## What you are asked to do
Pictures aside, repeat the listing below exactly.

--- Exercise data ---

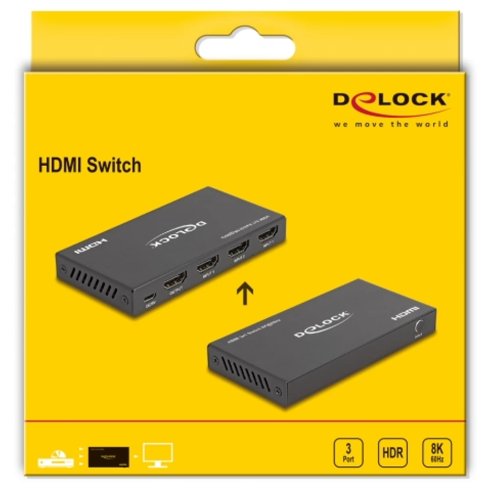 DELOCK HDMI kapcsoló 3 x HDMI bemenet - 1 x HDMI kimenet 8K 60 Hz - iPon.hu
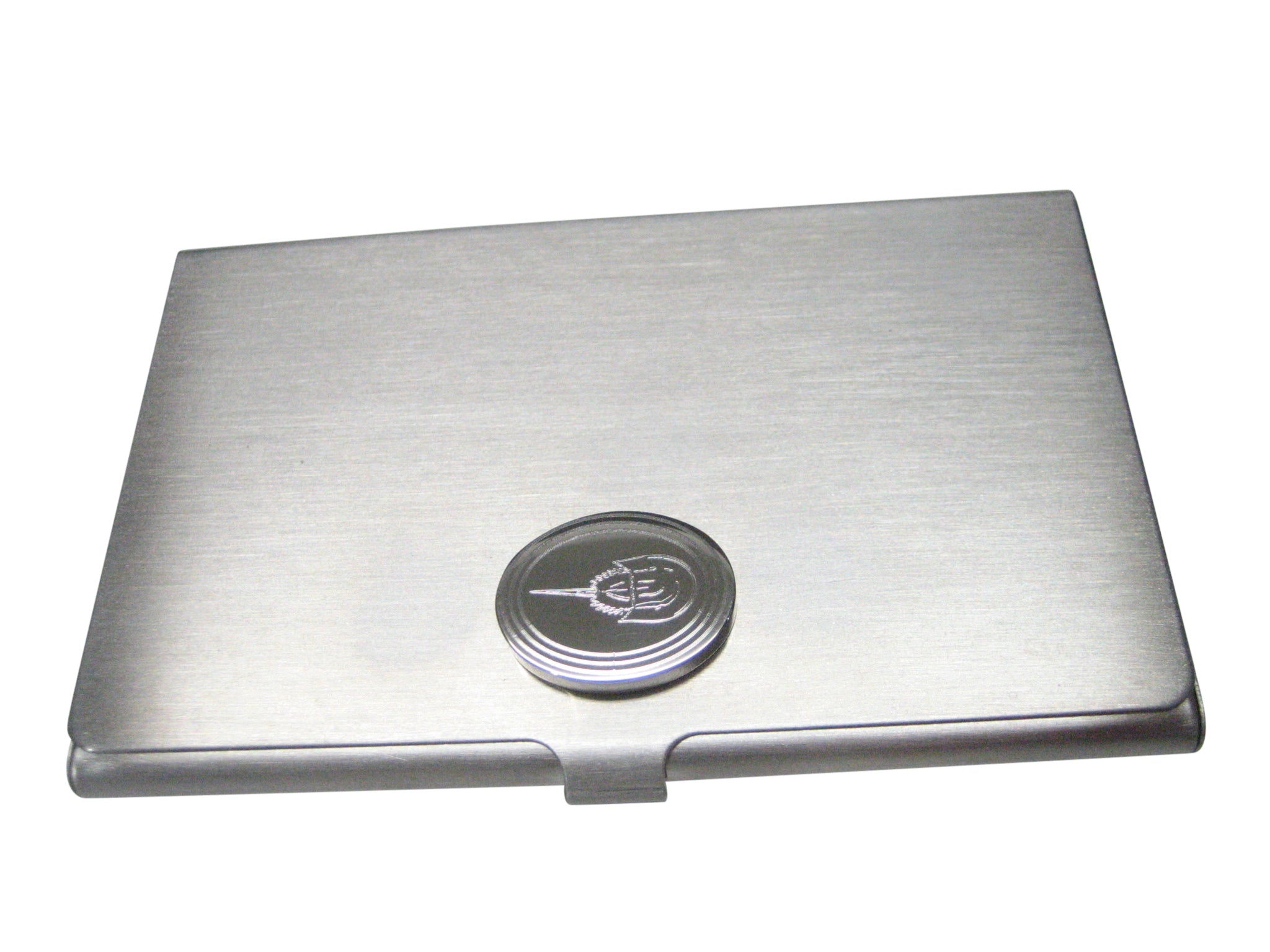 Silver Toned Oval Etched Horseshoe Crab Business Card Holder
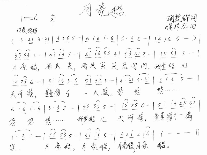 月亮船简谱上传者为网友上传,原创作者为网络转载,歌曲原唱歌手为佚名,本简谱为图片格式,表现形式为,音乐性质为流行金曲。
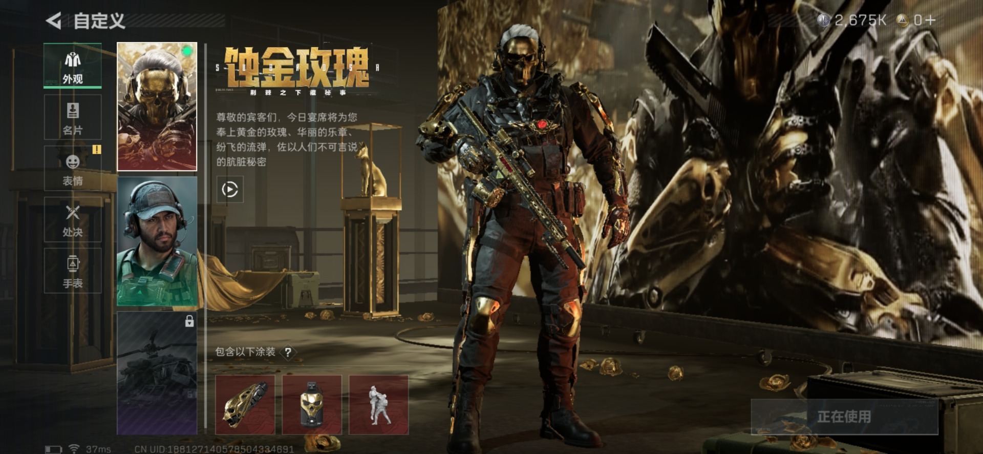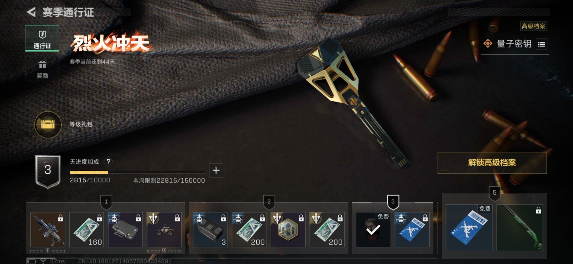 [12266024]总资产:5.4M 1干员外观 2传说枪械 哈夫币:2.675K 可二次 可修改实名 烽火地带段位:无段位 全面战场段位:无段位 传说武器皮肤:SCAR-H战斗步枪-启航,M4A1突击步枪-蚀金玫瑰 干员外观:红狼-蚀金玫瑰

---

## Answer section
 DELOCK HDMI kapcsoló 3 x HDMI bemenet - 1 x HDMI kimenet 8K 60 Hz - iPon.hu
 Silver Toned Oval Etched Horseshoe Crab Business Card Holder
 月亮船简谱上传者为网友上传,原创作者为网络转载,歌曲原唱歌手为佚名,本简谱为图片格式,表现形式为,音乐性质为流行金曲。
 [12266024]总资产:5.4M 1干员外观 2传说枪械 哈夫币:2.675K 可二次 可修改实名 烽火地带段位:无段位 全面战场段位:无段位 传说武器皮肤:SCAR-H战斗步枪-启航,M4A1突击步枪-蚀金玫瑰 干员外观:红狼-蚀金玫瑰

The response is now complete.